ひとつの沿線に住み続けることで色々なサービスが受けられる
関東圏の私鉄は、鉄道以外にも地域住民に多くのサービスを提供している。スーパーマーケットやクレジットカードなど、生活に必要なものだけではなく、賃貸不動産の紹介や提供、分譲不動産の販売、さらには子育て関連だけでなくその他もろもろのサービスを手がけている。
こういったサービスを享受すると、非常に効率がいいというメリットがある。鉄道会社系列のポイントも多く貯めることができる。なかには、電気やケーブルテレビまで提供される沿線もある。
生活のすべてが鉄道会社丸抱えになると困ること
ただ、生活のすべてが鉄道会社丸抱えになると、個人の主体的な意志での選択をするという能力がはぐくまれなくなる危険性もある。よいものは何もかも自社沿線にあるのだから、それ以上いいものを、あるいは違うものを探さなくてもいいという考えになってしまう。消費や生活の諸活動において、みずからの探究心をはぐくむ機会を失ってしまうということもあり得るのだ。

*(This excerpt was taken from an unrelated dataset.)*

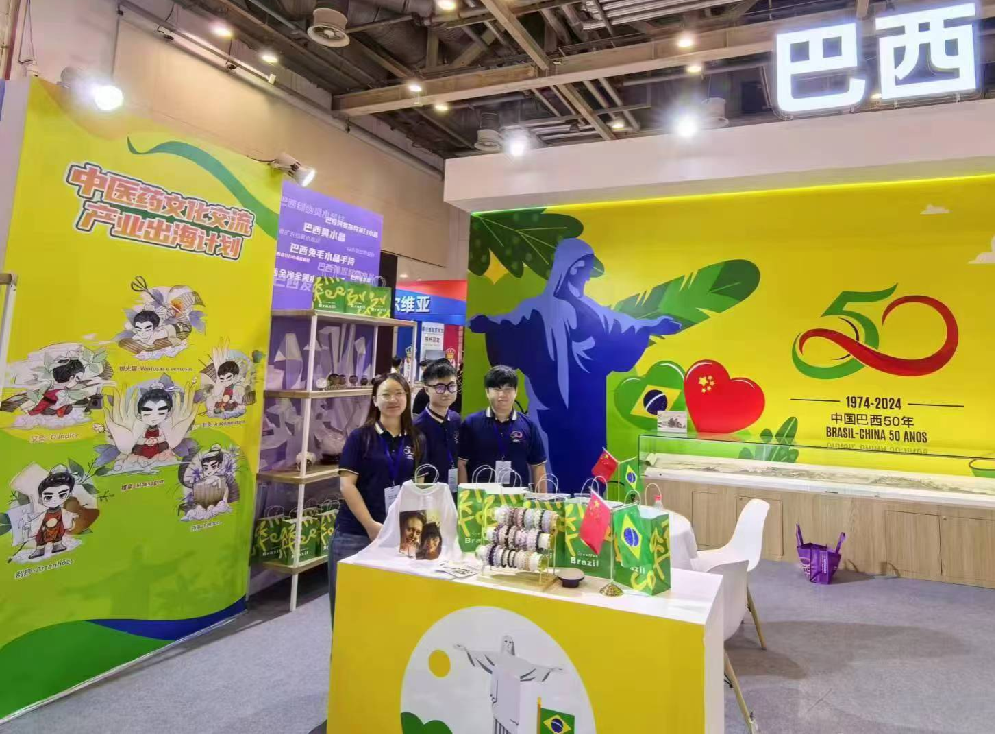 在这次盛会上,公司yL23411永利集团官网视觉传达设计专业教师申成老师指导的2024届视觉传达设计毕业生严寒琳同学的毕业设计作品“中医药文化出海”文创设计,在“巴西中国文化交流协会”承办的巴西展台隆重亮相,并吸引了大量访客的眼球。这套文创设计作品结合了中国传统中医药文化元素,如药浴、推拿、刮痧、艾灸等,通过现代化的设计语言展现了中医药文化在全球化语境下的创新应用。严寒琳同学的设计作品不仅吸引了大批中外观众驻足欣赏,还得到了与会嘉宾的高度评价。

いいものを買うのならば、鉄道会社系列の百貨店だけではなく、呉服店に起源を持つ百貨店も見て比較してみようといったことや、さまざまなお店を比較検討して最良のものを見つけよう、という探究心が薄れてしまったり、鉄道系のスーパーマーケット以外にも、どこにいいスーパーマーケットがあり、あるいはどこが安いかということも、考えなくなってしまう。良質なサービスが鉄道会社グループにより提供されると、ものを見る力や考える力というのが、いまいち身につきにくくなるということもあるのだ。
生活する環境が快適すぎるあまり、他を見る視点を失ってしまう――これが「沿線格差」の負の側面であるといえるだろう。